В этот период я также написал научно-популярную книгу о происхождении жизни. Мы с Лесли Орджелом во время поездки на научную конференцию по проблеме связи с внеземным разумом (Communication with Extraterrestrial Intelligence, CETI), которая проводилась под Ереваном, в Советской Армении, в сентябре 1971 г., пришли к мысли, что, возможно, жизнь на Земле произошла от микроорганизмов, засланных к нам на беспилотном космическом корабле высшей цивилизацией из иного мира. К этой теории нас привели два факта. Первый – единство генетического кода, указывающее на то, что на каком-то этапе жизнь прошла сквозь популяционное бутылочное горлышко. Второй – то, что возраст Вселенной, по-видимому, вдвое с лишним превышает возраст Земли, следовательно, было достаточно времени, чтобы жизнь могла дважды пройти путь от простейших начал к высокоорганизованному разуму.
Мы назвали нашу теорию «направленная панспермия». Термин «панспермия», введенный в 1907 г. шведским физиком Сванте Аррениусом, означает гипотезу, что микроорганизмы прибыли на Землю из космоса и посеяли семена всей земной жизни. Мы добавили «направленная», чтобы обозначить, что кто-то целенаправленно каким-то образом отправил сюда микроорганизмы.

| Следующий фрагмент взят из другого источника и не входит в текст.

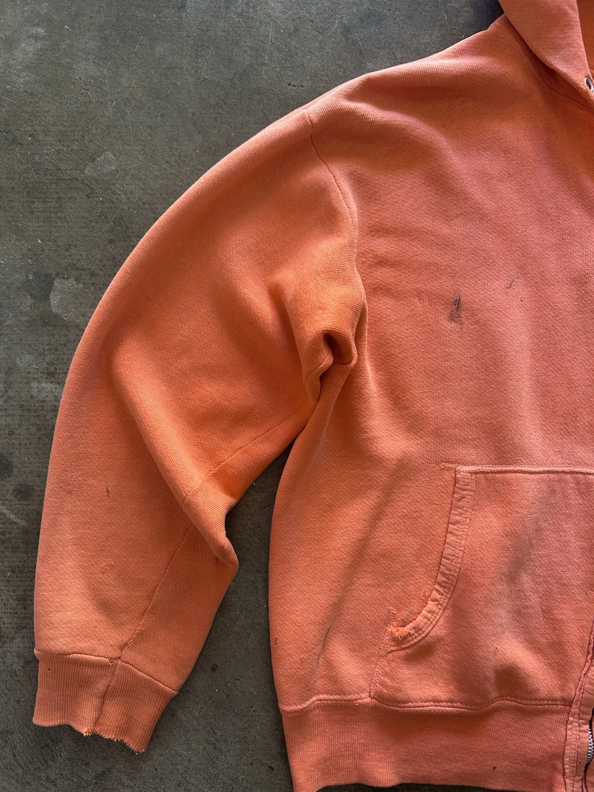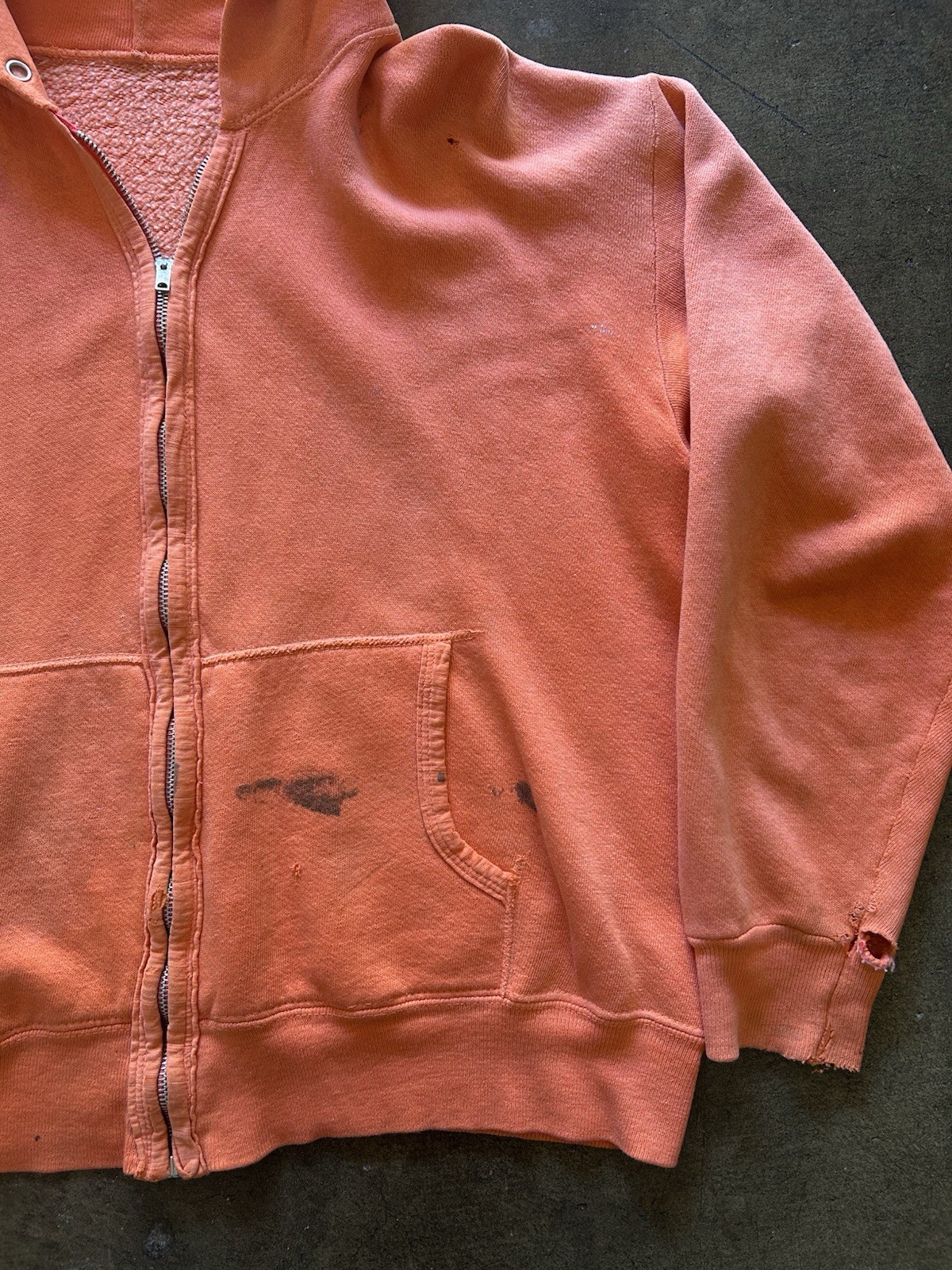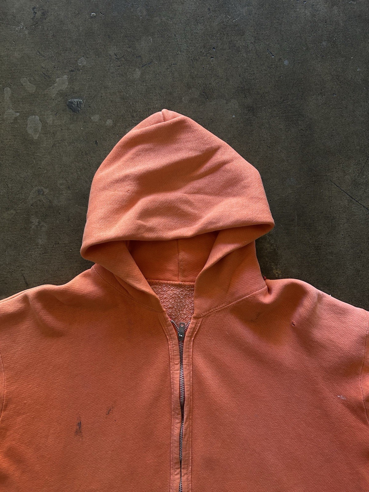 Vintage 1960s Zip Up Hoodie Sweatshirt Orange Faded Distressed True Vintage Rare
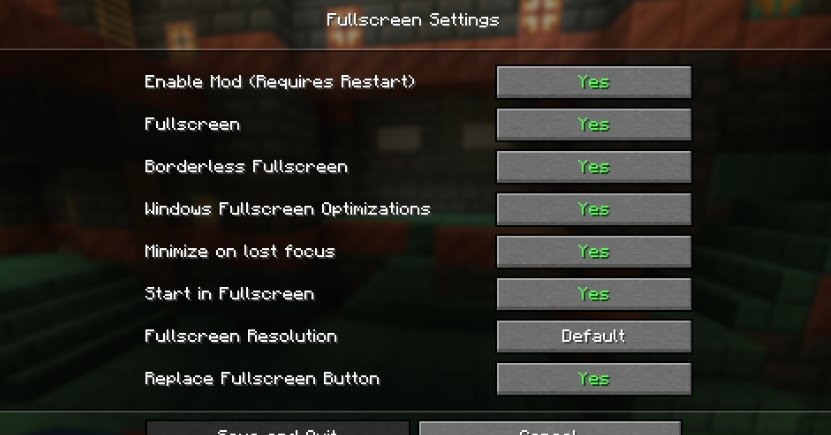 Borderless Fullscreen для Майнкрафт [1.21.5, 1.21.4, 1.21.3]
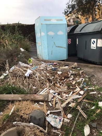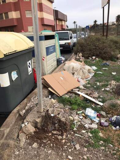 Vecinos de San Antonio denuncian un vertido de basuras, con restos de madera, recipientes, cartones y plásticos junto a los contenedores ubicados próximos al Edificio Plaza.
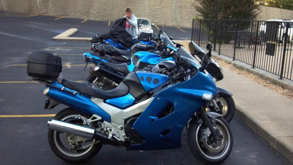 My ZX11 Adventure is a 1993 model with over 61,000 miles. I made a lot of changes; - dirt bike handle bars and adapter using 1/4" aluminum with short risers found on ebay. - Suzuki Vstrom 1000 forks (2" longer and nearly 2" more travel) - adapted Kaw front wheel and brakes - Suzuki SV650 front fender - bobbed rear fender - shorter dog-bones on rear suspension and flipped chain-adjusters to lift rear - 1" dropped driver footpegs - Universal top box with custom mount The picture with me on it was before the top box was installed. I was able to slide the longer forks about 3/4" up in the trees and with the rear lifted to properly match the front, the bike is about 1.5" taller than stock. I still need to extend the kick-stand and center-stand. For now I carry around a 2x4 block! -
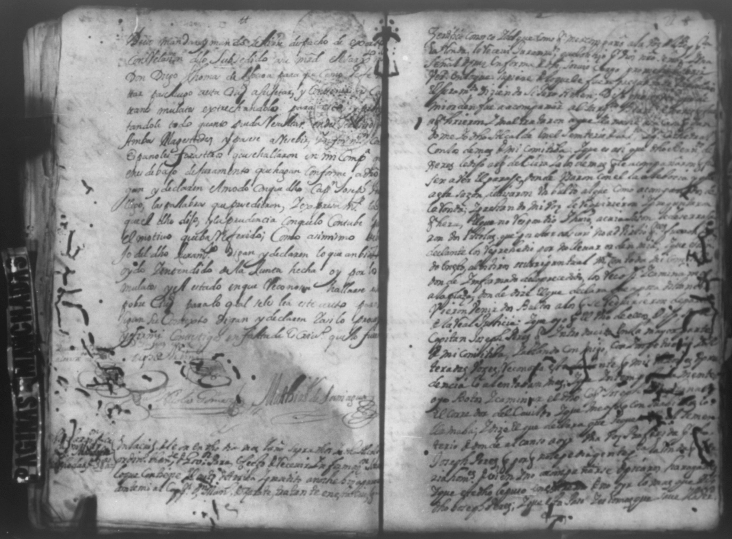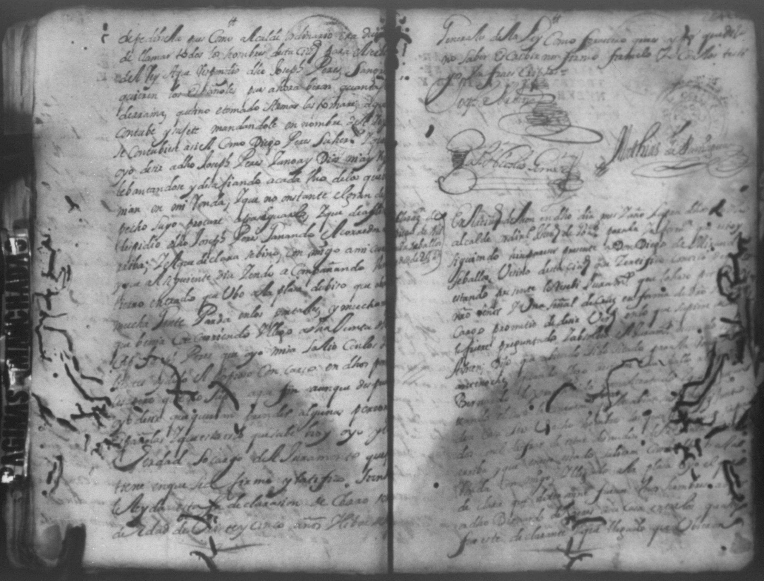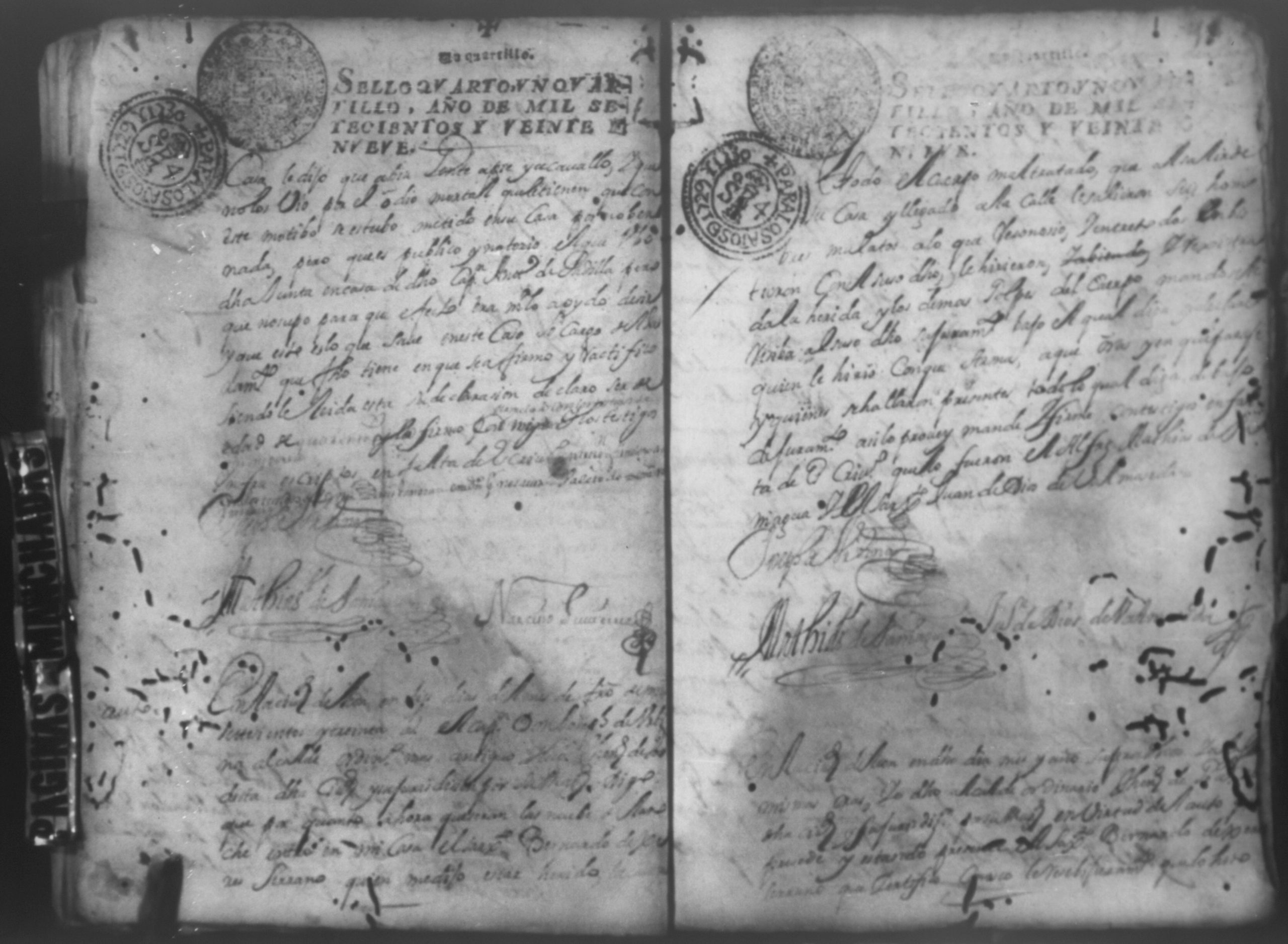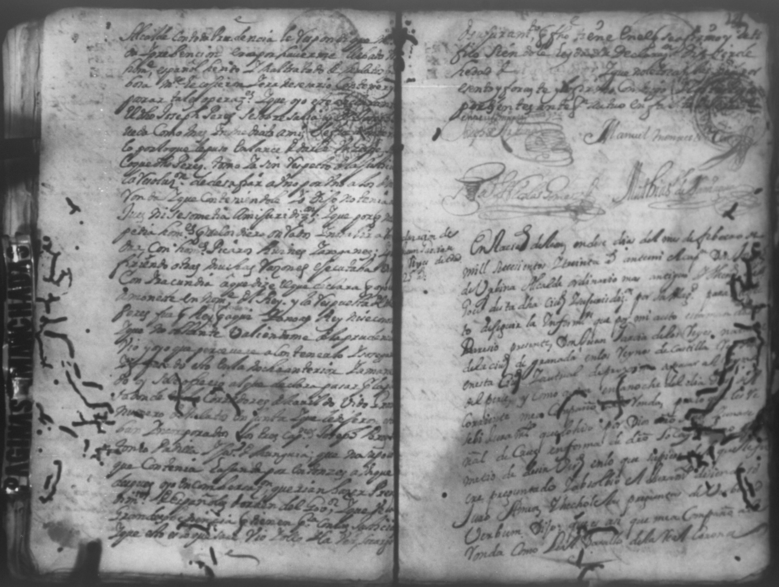 Temática: Leon 1729. Causa Criminal seguida de oficcion por la Real Justizia contra Juan Rafael de Espinosa, ygnazio de Sequeira y [Derifio] Javier la executa de [yncautos] en la pugna [...] de [sargento] Mayor en que prohiben los duelos y desafios. Firma de Mathias de Samagua. Documentos hace mención de varias causas criminales. Expediente contiene varias paginas con manchas por humedad.
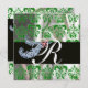 INVITATION DIAMOND FEATHERS GREEN SILVER SILK DAMASK MONOGRAM
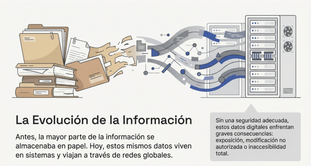 Antes, la mayor parte de la información se almacenaba en papel. Hoy en día, esta misma información se almacena como datos digitales en sistemas y se comunica a través de las redes. Sin una seguridad adecuada, estos datos digitales pueden sufrir graves consecuencias. Pueden quedar expuestos a personas indebidas, modificarse sin permiso o no estar disponibles cuando más se necesitan. Por lo tanto, proteger estos datos digitales se ha convertido en un requisito fundamental para gobiernos, organizaciones y particulares.
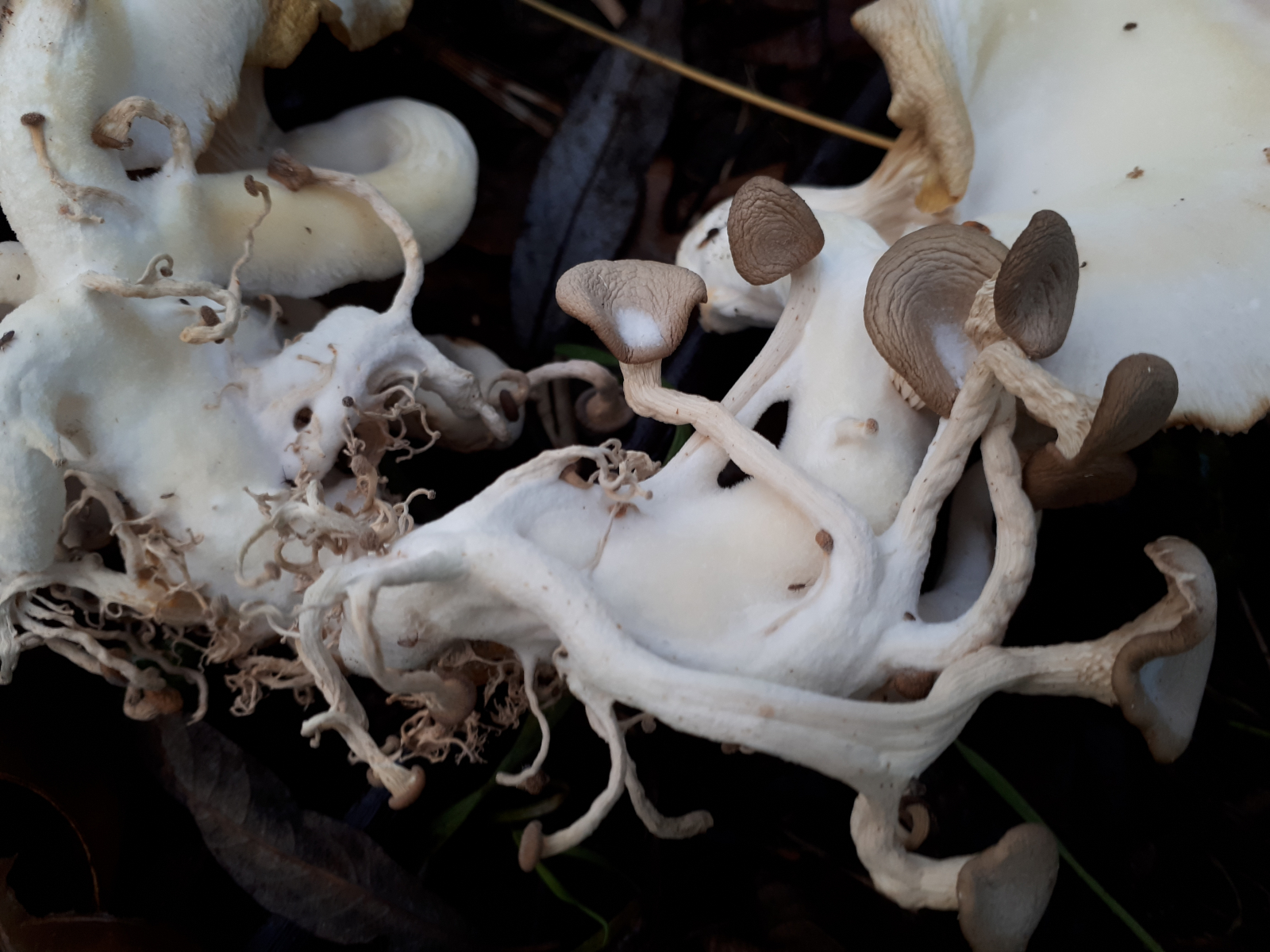 Der Pilz hat seine Sporen schon abgelegt. Diese sind weiß, und überall in dem knapp 3 qm großen Raum verteilt (vor allem um den Pilz ist eine dicke weiße Schicht, aber auch zB Spinnenweben sind davon bedeckt).
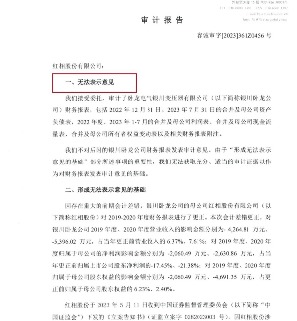 该审计报告形成无法表示意见的基础为:因存在重大的前期会计差错,红相股份(即*ST红相)对2019-2020年度财务报表进行了更正;本次会计差错更正,对银川变压器公司2019年度、2020年度营业收入的影响金额分别为-4264.81万元、-5396.02万元,占当年更正前营业收入的6.37%、7.61%;对2019年度、2020年度归属于母公司的净利润影响金额分别为-2060.49万元、-2630.86万元,占当年更正前归属上市公司股东净利润的-17.45%、-21.38%;对2019年度、2020年度归属于母公司股东权益的影响金额分别为-2060.49万元、-4691.35万元,占更正前归属于母公司股东权益的6.23%、2.40%。
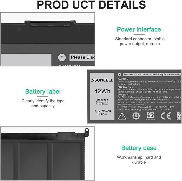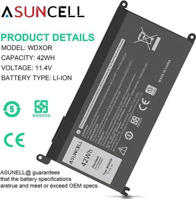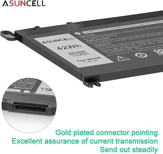 WDXOR BATTERY REPLACEMENT - Battery type: Li-ion. Color: Black. Voltage: 11.4V. Capacity: 42Wh. Cells: 4-cell. 100% New from Manufacturer. Up to 500 recharge cycles over the life of the battery.
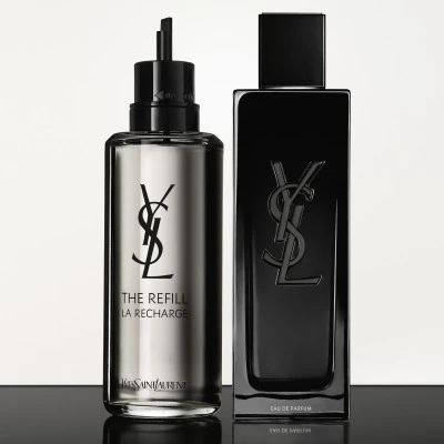 Tous les formats de MYSLF sont rechargeables. La recharge de l’Eau de Parfum permet d’économiser 43% de verre, 75% de métal, 21% de plastique, 16% de papier*.
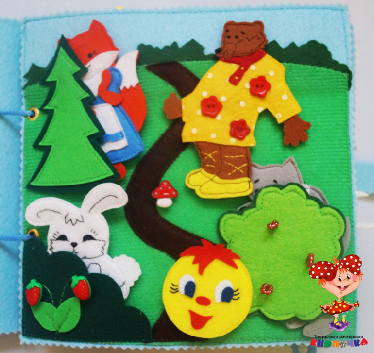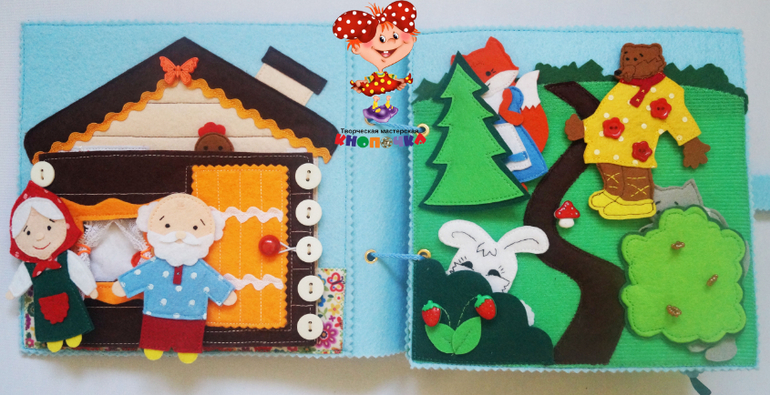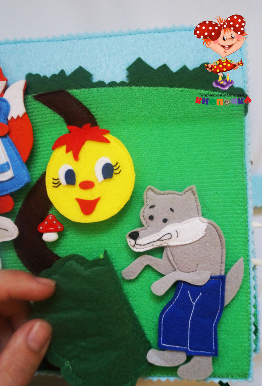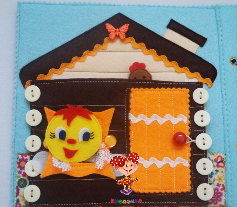 Справа расположен сам теремок. Все окошечки застегиваются/расстегиваются на пуговицах. В крыше есть кармашек для медведя. Внизу на кустике есть перетяжка цветочек-бабочка, под травкой прячется божья коровка. Нам очень нравится играть в "Ку-ку" с ними ))
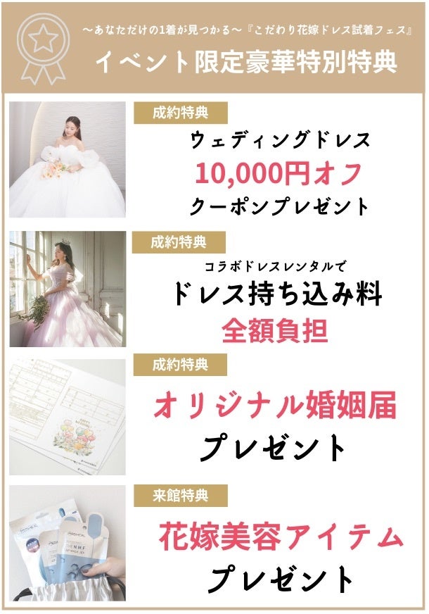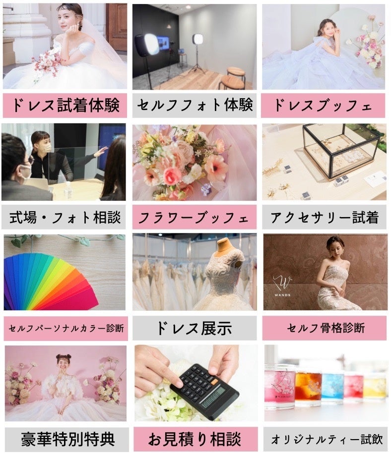 今回のイベントはウェディングドレス試着やセルフパーソナルカラー診断、フォト体験など体験型のフェスに参加し楽しむことが可能。自分だけのコーディネートを選んで撮影体験ができることも魅力の1つ。※ご試着に関しましては 1着1000円、2着2000円、3着3000円とさせていただいております! 試着頂いた中からご購入を頂きましたら 試着費用は頂いておりません。 ご試着はお一人3着までのご案内とさせて頂いております。
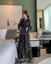 大人可愛い上品な花柄ワンピースです。ロング丈のマキシワンピースで、透け感のあるレースが女性らしさを引き立てます。ハイウエストのデザインが脚長効果を演出し、体型カバーにもなります。シースルーの袖が華奢な印象を与え、大人女子にぴったりのおしゃれな一着です。秋のデートやお出かけ、女子会やパーティーにもぴったりです。また、リゾートや旅行先の海や高原でも素敵に映えること間違いありません。
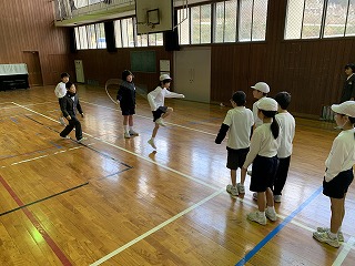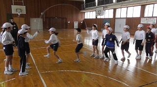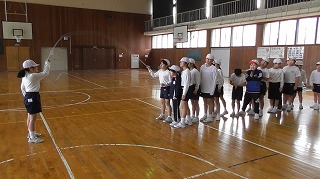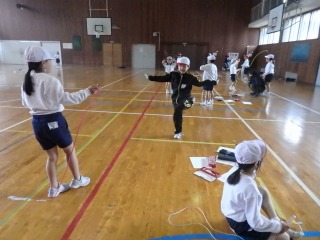 長縄を使った8の字とび、短縄を使った技練習。各学年、目標目指して頑張ります!
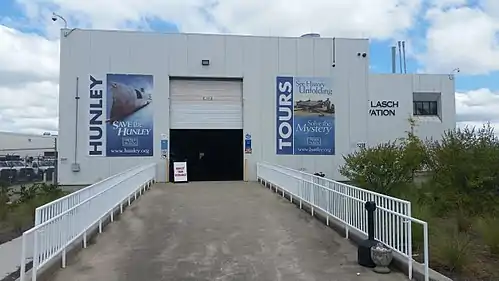 The Warren Lasch Conservation Center is a building located at 1250 Supply Street at the former Charleston Navy Yard, in North Charleston, South Carolina. Part of the Clemson Restoration Institute, the center is most notably being used to excavate, examine, and preserve the submarine H. L. Hunley. In recent years, the center has expanded research into various metal and architectural conservation topics. The namesake of the building is Warren F. Lasch, who was chairman of Friends of the Hunley during the Hunley's recovery.

Когда пишешь популярную книжку о происхождении жизни, главная трудность в том, что эта проблема лежит преимущественно в сфере химии, и преимущественно органической химии. «Чайники», как правило, химию не любят. «Я всё поняла, – сказала как-то моя мама, когда я дал ей прочесть одну рецензию, – кроме этих иероглифов». Однако цель моей книги состояла не в том, чтобы решить проблему происхождения жизни, а в том, чтобы дать представление о множестве областей науки, задействованных в ее решении, от космологии и астрономии до биологии и химии.
Сам я относился и отношусь к идее направленной панспермии довольно бесстрастно – в книге даже есть объяснение, что такое хорошая теория и почему наша теория, не будучи в принципе недоказуемой, очевидным образом весьма спекулятивна. Книга вышла в 1981 г. в издательстве Simon & Schuster под заглавием «Сама жизнь» (Life Itself). Хотя я считал этот заголовок слишком фундаментальным, не соответствующим содержанию, издатель настоял на нем.
Вернемся к мозгу. Когда я впервые решил вплотную заняться его изучением, мне казалось, что с проблематикой я уже по большей части знаком, по крайней мере в общих чертах. В Кембридже я много лет общался с Хоресом Барлоу, с которым меня познакомил мой друг Георг Крайзель, математик, и в пятидесятые слышал доклад Хореса в Гарди-клубе, о лягушачьем глазе и гипотетическом «детекторе насекомых» в нем. В том же Гарди-клубе я слушал выступление Алана Ходжкина и Эндрю Хаксли, посвященное их знаменитой модели нервного импульса в аксоне кальмара. Позже я познакомился с нейрофизиологом Дэвидом Хьюбелом на небольшой конференции, проходившей в Солковском институте в 1964 г. Задача этой конференции заключалась в том, чтобы проинформировать сотрудников института о текущем положении дел в нейробиологии, на тот случай, если мы планируем у себя в институте назначения в этих областях.